After an incident where Sparks allegedly locked Benjamin in a room and yelled at him, Benjamin resigned from his post because he feared for his safety. The suit names Sparks and three other members of the private school’s board and the Nicholas Sparks Foundation as defendants.

Source: Time Magazine

Paid Out for Retirement

McLean v. State of California (2014), Cal.App.4th, No. C074515, decided on August 19, 2014, that a class action could proceed for waiting time penalties under Labor Code section 203 for the employer’s failure to pay retirees their final wages at the time they retired.  Pursuant to Labor Code section 202, employers have to pay an employee who quits his/her final wages within 72 hours unless 72 hours notice is given.  The court held that an employee who “quits” includes “all employees who quit, whether to retire or for a different reason, and these employees constitute a single group under the statutory scheme.”

Janis McLean was employed by the California Attorney General’s office as a deputy attorney general.
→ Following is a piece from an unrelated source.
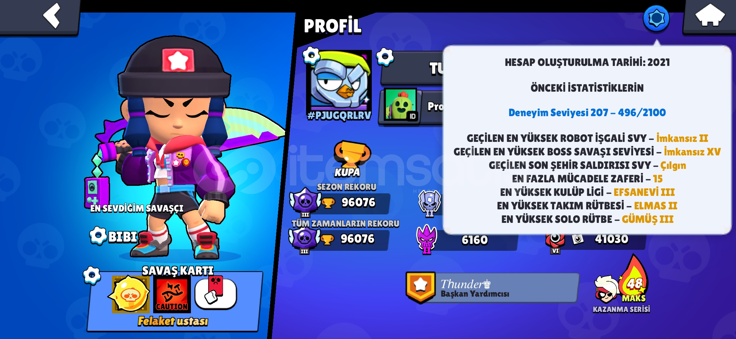 25000'den 20000'e indirdik yarın eski fiyata dönecekPazarlık açıktır fiyat düşebilirClash Royale Hesap SatılıkSeviye: 55Kule Seviyesi: 15Elit Kartlar: 8 adetKart Seviyeleri: 13 adet 14. seviyeKupa: 15.000Lig: 4. Lig, aşamalı gelecek sezonda açık duracakTüm Kartlar: MevcutturEvrim Sayısı: 1796k göktaşı 1 bs hesabı91 ender 103 süperender 113 destansı 6 gizemli 11 efsanevi 4 hiper&...

Upon her retirement in November 2010, McLean claimed that the state had not compensated all wages due to her at the time of her retirement.

Initially, the State contended McLean’s complaint citing that the Labor Code accounted for those who “quit” versus “retired.” McLean countered, stating that both terms refer to a “voluntary separation from service.” The Court of Appeals upheld that the definition of the Labor Code “are to be liberally construed in favor of the employee.” Therefore, these rights extend to employees who quit or retire.

Purloined Potty Privacy

bathroomThis falls under the heading of “be glad you don’t work here”:  In Chicago, Illinois, a company has started monitoring the time employees spend in the bathroom and disciplining employees it thinks use the restroom too much.

The company requires employees to swipe a card on a card reader when they enter and exit the bathroom, and keeps track of how much time each employee spends in the toilet.  If an employee spends more than 60 minutes in the bathroom in ten working days – or about 6 minutes per day – the employee can be given a disciplinary warning for “excessive use of the bathroom.”  On the other hand, an employee who does not use the restroom at all during a workday can earn a dollar on a gift card, for up to $20 per month.

In California, there would be several problems with a potty policy like this.  California goes a lot further than many states to protect employee privacy.  Keeping a list monitoring all line employees’ bathroom time seems to be a fairly major invasion of the employees’ privacy, and while there are no laws directly addressing this situation, there is a good chance the courts would agree the employer’s policy goes much too far.

Even worse, the potty policy could require employees to give their employers private, medical information.  There are numerous medical and disability-related reasons an employee might not be able to comply with the 6-minute limit or might need more than one or two bathroom breaks in a day, from Crohn’s Disease to medication-related incontinence issues, to nausea from pregnancy or even cancer-related chemotherapy.  Not only would the potty policy discriminate against these people, which would be unlawful, but it also might require them to explain their medical conditions simply to keep their jobs.  Normally, employers are very limited in what kinds of medical information they can ask, but a policy like the one the Chicago company has would basically require employees to volunteer the information.  A California company almost certainly would not be able to get away with such taboo toilet tracking.